As you may already know The National Institute of Allergy and Infectious Diseases (NIAID) has developed a series of blog posts on the AIDS.gov website related to planning for the future of NIAID’s HIV/AIDS clinical trial networks. NIAID is seeking input from the broader research and HIV/AIDS communities on specific aspects of the restructuring of NIAID’s research networks. They are specifically seeking comments about the treatment and prevention research priorities that should be addressed during the coming years.

As members of HANC Legacy’s Women and HIV Research Collaborative we have noticed that very few comments that have been submitted to date on any of the NIAID blogs have placed an emphasis on the urgent need for ongoing domestic prevention and treatment research that focuses on HIV/AIDS and women. We are therefore issuing this call to action.

PLEASE:

•   Go to http://bit.ly/NIAID_Blogs and select one or more of the NIAID blogs.

•   Add your comments (or see the sample below that you may use and/or edit) about the need for a renewed focus on HIV research with women in the United States. To help in that process we have provided a sample comment post that includes some talking points that you can cut and paste into a blog posting. Please write your own response, or simply submit some or all of the points provided below.

And

•   Forward this email or the link to this post to everyone you know who would be willing to make sure that HIV research for Women in the United States remains a priority.

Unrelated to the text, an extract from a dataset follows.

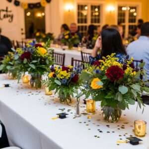 Incorporating the graduate’s favorite flowers or school colors into the arrangements can make them even more personal and festive.

TO ENSURE THAT YOUR IMPORTANT COMMENTS ARE INCLUDED IN NIAIDS PLANNING PLEASE POST YOUR COMMENTS BY DECEMBER 31, 2010.

Thank you for using a minute of your time to take this action to ensure women are part of the future of HIV/AIDS research in the United States.

Sincerely,
WHRC Members
________________________________________________________________________________________

[SAMPLE BLOG COMMENTS
Please Modify These Comments or Create Your Own Comments
In Support of HIV Research and Women]


I am concerned about the health of women in the United States, particularly as it has been disproportionately impacted by HIV. I wish to support the following areas discussed and prioritized by the HANC Legacy Project during a first-time-ever Consultation on HIV Research and Women on June 11th and 12th, 2010. Their review reflects key concerns such as sensitivity to culture, quality of life, and the changing needs of women across the lifespan.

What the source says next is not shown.